ASSIGNMENT » Print out each entry below in full, exactly as given, excluding pictures.
### DATA
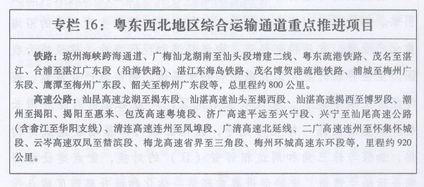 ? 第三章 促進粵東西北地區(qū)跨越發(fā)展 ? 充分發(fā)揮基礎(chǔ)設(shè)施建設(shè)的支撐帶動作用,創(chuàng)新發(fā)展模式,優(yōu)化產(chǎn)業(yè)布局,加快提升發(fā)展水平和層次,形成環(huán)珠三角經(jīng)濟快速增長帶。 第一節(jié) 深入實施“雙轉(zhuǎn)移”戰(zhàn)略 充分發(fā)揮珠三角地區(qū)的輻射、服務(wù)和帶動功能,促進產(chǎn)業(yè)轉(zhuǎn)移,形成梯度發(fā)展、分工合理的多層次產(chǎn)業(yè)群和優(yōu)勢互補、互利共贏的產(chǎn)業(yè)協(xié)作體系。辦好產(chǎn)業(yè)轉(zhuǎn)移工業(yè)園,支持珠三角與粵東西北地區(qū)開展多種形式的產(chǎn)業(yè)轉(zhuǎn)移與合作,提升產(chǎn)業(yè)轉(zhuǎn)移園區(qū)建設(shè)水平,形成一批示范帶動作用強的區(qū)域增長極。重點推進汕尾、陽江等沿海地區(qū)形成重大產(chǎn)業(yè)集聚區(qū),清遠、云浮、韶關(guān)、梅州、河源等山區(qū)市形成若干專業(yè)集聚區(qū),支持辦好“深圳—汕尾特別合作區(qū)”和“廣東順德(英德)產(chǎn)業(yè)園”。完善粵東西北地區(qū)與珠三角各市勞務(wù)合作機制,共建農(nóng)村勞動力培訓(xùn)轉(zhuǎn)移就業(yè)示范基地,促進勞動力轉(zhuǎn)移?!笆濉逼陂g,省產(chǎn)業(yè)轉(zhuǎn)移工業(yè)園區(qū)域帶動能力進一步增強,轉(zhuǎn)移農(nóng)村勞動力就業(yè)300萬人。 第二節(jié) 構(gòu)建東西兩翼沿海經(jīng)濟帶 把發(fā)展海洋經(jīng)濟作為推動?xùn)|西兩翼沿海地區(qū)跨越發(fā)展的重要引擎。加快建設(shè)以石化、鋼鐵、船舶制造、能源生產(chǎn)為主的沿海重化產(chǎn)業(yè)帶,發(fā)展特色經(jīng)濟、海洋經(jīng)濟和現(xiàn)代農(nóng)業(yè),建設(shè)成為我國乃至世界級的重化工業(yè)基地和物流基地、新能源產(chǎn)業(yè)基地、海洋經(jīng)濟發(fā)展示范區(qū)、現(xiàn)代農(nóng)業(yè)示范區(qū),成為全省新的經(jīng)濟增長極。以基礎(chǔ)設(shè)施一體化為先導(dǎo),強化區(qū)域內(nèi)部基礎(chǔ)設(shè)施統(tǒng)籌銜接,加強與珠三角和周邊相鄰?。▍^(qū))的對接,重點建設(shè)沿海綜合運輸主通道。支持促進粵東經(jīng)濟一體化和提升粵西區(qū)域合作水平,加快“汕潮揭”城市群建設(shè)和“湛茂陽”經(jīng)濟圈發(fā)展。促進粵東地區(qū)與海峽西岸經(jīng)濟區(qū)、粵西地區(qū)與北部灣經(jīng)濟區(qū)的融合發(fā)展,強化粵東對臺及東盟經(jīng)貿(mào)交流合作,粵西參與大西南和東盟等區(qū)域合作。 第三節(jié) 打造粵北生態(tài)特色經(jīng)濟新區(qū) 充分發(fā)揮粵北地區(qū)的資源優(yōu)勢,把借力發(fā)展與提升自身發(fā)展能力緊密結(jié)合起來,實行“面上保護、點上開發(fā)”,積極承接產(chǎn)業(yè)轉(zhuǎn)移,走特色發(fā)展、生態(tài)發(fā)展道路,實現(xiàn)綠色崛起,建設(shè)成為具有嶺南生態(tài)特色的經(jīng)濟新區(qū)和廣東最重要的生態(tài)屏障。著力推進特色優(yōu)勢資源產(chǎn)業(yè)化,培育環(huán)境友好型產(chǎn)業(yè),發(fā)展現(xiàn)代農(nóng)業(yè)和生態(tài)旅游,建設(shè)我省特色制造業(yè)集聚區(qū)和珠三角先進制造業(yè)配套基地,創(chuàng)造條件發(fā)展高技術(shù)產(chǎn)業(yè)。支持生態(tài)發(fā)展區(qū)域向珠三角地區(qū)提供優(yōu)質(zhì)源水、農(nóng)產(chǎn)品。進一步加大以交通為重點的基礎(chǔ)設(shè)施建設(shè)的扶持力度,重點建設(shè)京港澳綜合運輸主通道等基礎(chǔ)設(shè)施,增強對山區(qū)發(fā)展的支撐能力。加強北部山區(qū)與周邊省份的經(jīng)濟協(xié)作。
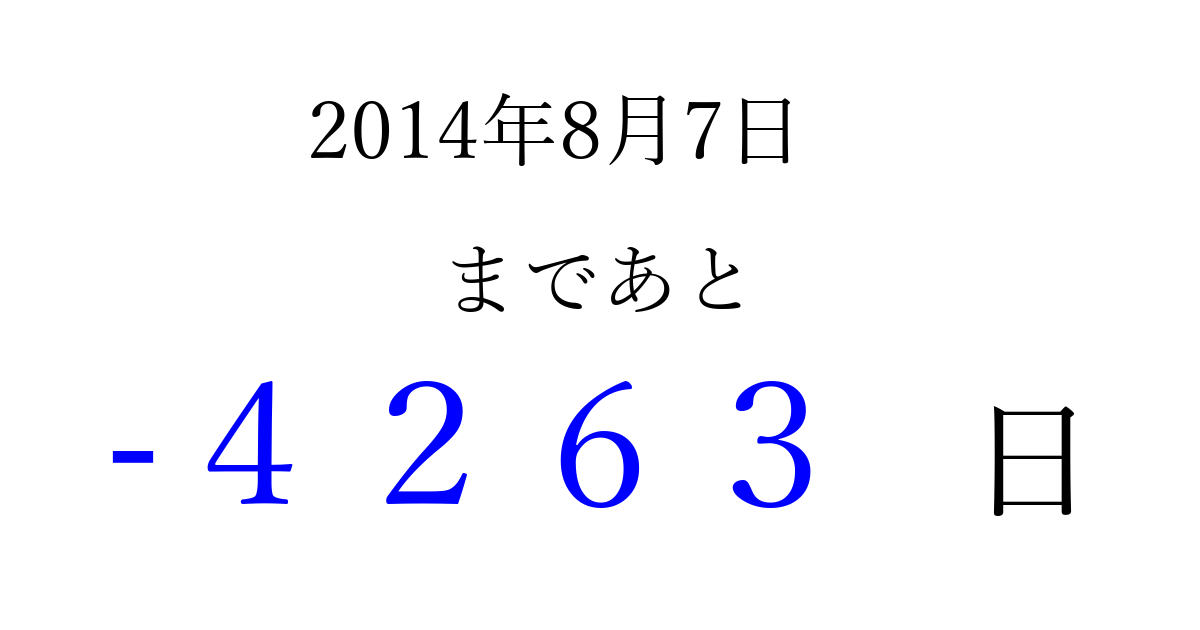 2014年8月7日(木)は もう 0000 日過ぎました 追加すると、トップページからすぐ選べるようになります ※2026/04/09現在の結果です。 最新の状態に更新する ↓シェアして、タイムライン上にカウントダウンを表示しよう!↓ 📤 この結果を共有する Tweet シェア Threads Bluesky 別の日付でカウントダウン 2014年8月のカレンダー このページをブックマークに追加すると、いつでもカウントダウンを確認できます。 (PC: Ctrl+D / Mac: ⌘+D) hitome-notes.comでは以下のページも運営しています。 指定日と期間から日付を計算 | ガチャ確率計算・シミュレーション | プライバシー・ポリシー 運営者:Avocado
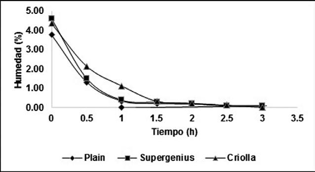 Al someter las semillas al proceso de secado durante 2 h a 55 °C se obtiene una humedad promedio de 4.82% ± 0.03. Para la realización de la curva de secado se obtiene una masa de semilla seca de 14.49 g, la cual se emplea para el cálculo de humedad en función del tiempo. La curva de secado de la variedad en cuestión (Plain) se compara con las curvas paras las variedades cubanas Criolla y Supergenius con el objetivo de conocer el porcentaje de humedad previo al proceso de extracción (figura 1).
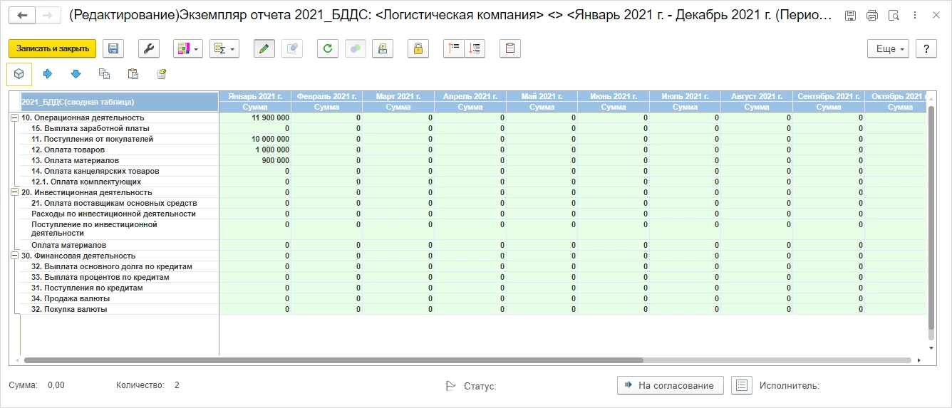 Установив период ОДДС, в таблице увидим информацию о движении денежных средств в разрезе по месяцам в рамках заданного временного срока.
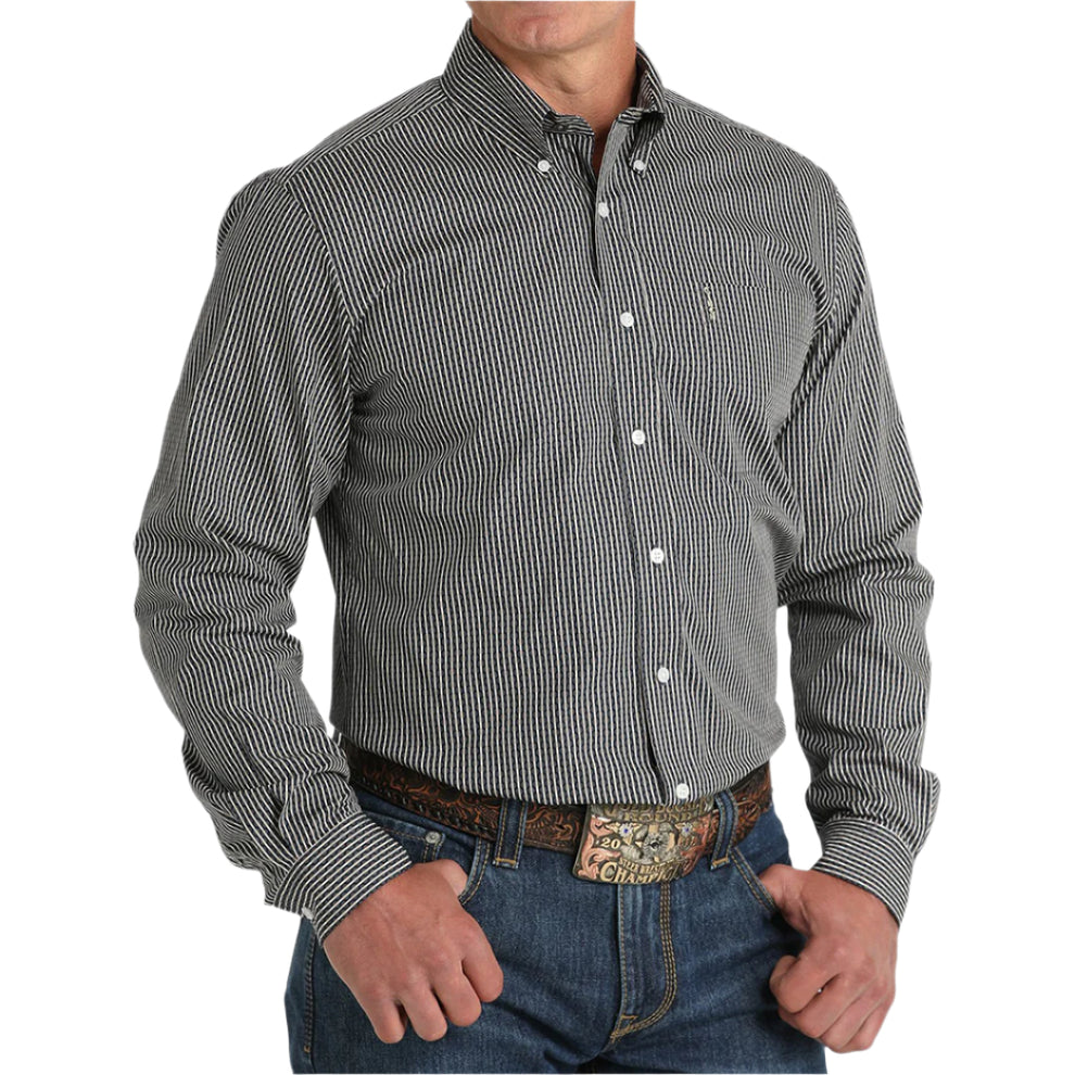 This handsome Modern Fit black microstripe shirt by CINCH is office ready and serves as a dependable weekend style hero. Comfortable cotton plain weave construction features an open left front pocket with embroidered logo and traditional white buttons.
######
RESULT FOR THIS TASK »
 ? 第三章 促進粵東西北地區(qū)跨越發(fā)展 ? 充分發(fā)揮基礎(chǔ)設(shè)施建設(shè)的支撐帶動作用,創(chuàng)新發(fā)展模式,優(yōu)化產(chǎn)業(yè)布局,加快提升發(fā)展水平和層次,形成環(huán)珠三角經(jīng)濟快速增長帶。 第一節(jié) 深入實施“雙轉(zhuǎn)移”戰(zhàn)略 充分發(fā)揮珠三角地區(qū)的輻射、服務(wù)和帶動功能,促進產(chǎn)業(yè)轉(zhuǎn)移,形成梯度發(fā)展、分工合理的多層次產(chǎn)業(yè)群和優(yōu)勢互補、互利共贏的產(chǎn)業(yè)協(xié)作體系。辦好產(chǎn)業(yè)轉(zhuǎn)移工業(yè)園,支持珠三角與粵東西北地區(qū)開展多種形式的產(chǎn)業(yè)轉(zhuǎn)移與合作,提升產(chǎn)業(yè)轉(zhuǎn)移園區(qū)建設(shè)水平,形成一批示范帶動作用強的區(qū)域增長極。重點推進汕尾、陽江等沿海地區(qū)形成重大產(chǎn)業(yè)集聚區(qū),清遠、云浮、韶關(guān)、梅州、河源等山區(qū)市形成若干專業(yè)集聚區(qū),支持辦好“深圳—汕尾特別合作區(qū)”和“廣東順德(英德)產(chǎn)業(yè)園”。完善粵東西北地區(qū)與珠三角各市勞務(wù)合作機制,共建農(nóng)村勞動力培訓(xùn)轉(zhuǎn)移就業(yè)示范基地,促進勞動力轉(zhuǎn)移?!笆濉逼陂g,省產(chǎn)業(yè)轉(zhuǎn)移工業(yè)園區(qū)域帶動能力進一步增強,轉(zhuǎn)移農(nóng)村勞動力就業(yè)300萬人。 第二節(jié) 構(gòu)建東西兩翼沿海經(jīng)濟帶 把發(fā)展海洋經(jīng)濟作為推動?xùn)|西兩翼沿海地區(qū)跨越發(fā)展的重要引擎。加快建設(shè)以石化、鋼鐵、船舶制造、能源生產(chǎn)為主的沿海重化產(chǎn)業(yè)帶,發(fā)展特色經(jīng)濟、海洋經(jīng)濟和現(xiàn)代農(nóng)業(yè),建設(shè)成為我國乃至世界級的重化工業(yè)基地和物流基地、新能源產(chǎn)業(yè)基地、海洋經(jīng)濟發(fā)展示范區(qū)、現(xiàn)代農(nóng)業(yè)示范區(qū),成為全省新的經(jīng)濟增長極。以基礎(chǔ)設(shè)施一體化為先導(dǎo),強化區(qū)域內(nèi)部基礎(chǔ)設(shè)施統(tǒng)籌銜接,加強與珠三角和周邊相鄰?。▍^(qū))的對接,重點建設(shè)沿海綜合運輸主通道。支持促進粵東經(jīng)濟一體化和提升粵西區(qū)域合作水平,加快“汕潮揭”城市群建設(shè)和“湛茂陽”經(jīng)濟圈發(fā)展。促進粵東地區(qū)與海峽西岸經(jīng)濟區(qū)、粵西地區(qū)與北部灣經(jīng)濟區(qū)的融合發(fā)展,強化粵東對臺及東盟經(jīng)貿(mào)交流合作,粵西參與大西南和東盟等區(qū)域合作。 第三節(jié) 打造粵北生態(tài)特色經(jīng)濟新區(qū) 充分發(fā)揮粵北地區(qū)的資源優(yōu)勢,把借力發(fā)展與提升自身發(fā)展能力緊密結(jié)合起來,實行“面上保護、點上開發(fā)”,積極承接產(chǎn)業(yè)轉(zhuǎn)移,走特色發(fā)展、生態(tài)發(fā)展道路,實現(xiàn)綠色崛起,建設(shè)成為具有嶺南生態(tài)特色的經(jīng)濟新區(qū)和廣東最重要的生態(tài)屏障。著力推進特色優(yōu)勢資源產(chǎn)業(yè)化,培育環(huán)境友好型產(chǎn)業(yè),發(fā)展現(xiàn)代農(nóng)業(yè)和生態(tài)旅游,建設(shè)我省特色制造業(yè)集聚區(qū)和珠三角先進制造業(yè)配套基地,創(chuàng)造條件發(fā)展高技術(shù)產(chǎn)業(yè)。支持生態(tài)發(fā)展區(qū)域向珠三角地區(qū)提供優(yōu)質(zhì)源水、農(nóng)產(chǎn)品。進一步加大以交通為重點的基礎(chǔ)設(shè)施建設(shè)的扶持力度,重點建設(shè)京港澳綜合運輸主通道等基礎(chǔ)設(shè)施,增強對山區(qū)發(fā)展的支撐能力。加強北部山區(qū)與周邊省份的經(jīng)濟協(xié)作。
 2014年8月7日(木)は もう 0000 日過ぎました 追加すると、トップページからすぐ選べるようになります ※2026/04/09現在の結果です。 最新の状態に更新する ↓シェアして、タイムライン上にカウントダウンを表示しよう!↓ 📤 この結果を共有する Tweet シェア Threads Bluesky 別の日付でカウントダウン 2014年8月のカレンダー このページをブックマークに追加すると、いつでもカウントダウンを確認できます。 (PC: Ctrl+D / Mac: ⌘+D) hitome-notes.comでは以下のページも運営しています。 指定日と期間から日付を計算 | ガチャ確率計算・シミュレーション | プライバシー・ポリシー 運営者:Avocado
 Al someter las semillas al proceso de secado durante 2 h a 55 °C se obtiene una humedad promedio de 4.82% ± 0.03. Para la realización de la curva de secado se obtiene una masa de semilla seca de 14.49 g, la cual se emplea para el cálculo de humedad en función del tiempo. La curva de secado de la variedad en cuestión (Plain) se compara con las curvas paras las variedades cubanas Criolla y Supergenius con el objetivo de conocer el porcentaje de humedad previo al proceso de extracción (figura 1).
 Установив период ОДДС, в таблице увидим информацию о движении денежных средств в разрезе по месяцам в рамках заданного временного срока.
 This handsome Modern Fit black microstripe shirt by CINCH is office ready and serves as a dependable weekend style hero. Comfortable cotton plain weave construction features an open left front pocket with embroidered logo and traditional white buttons.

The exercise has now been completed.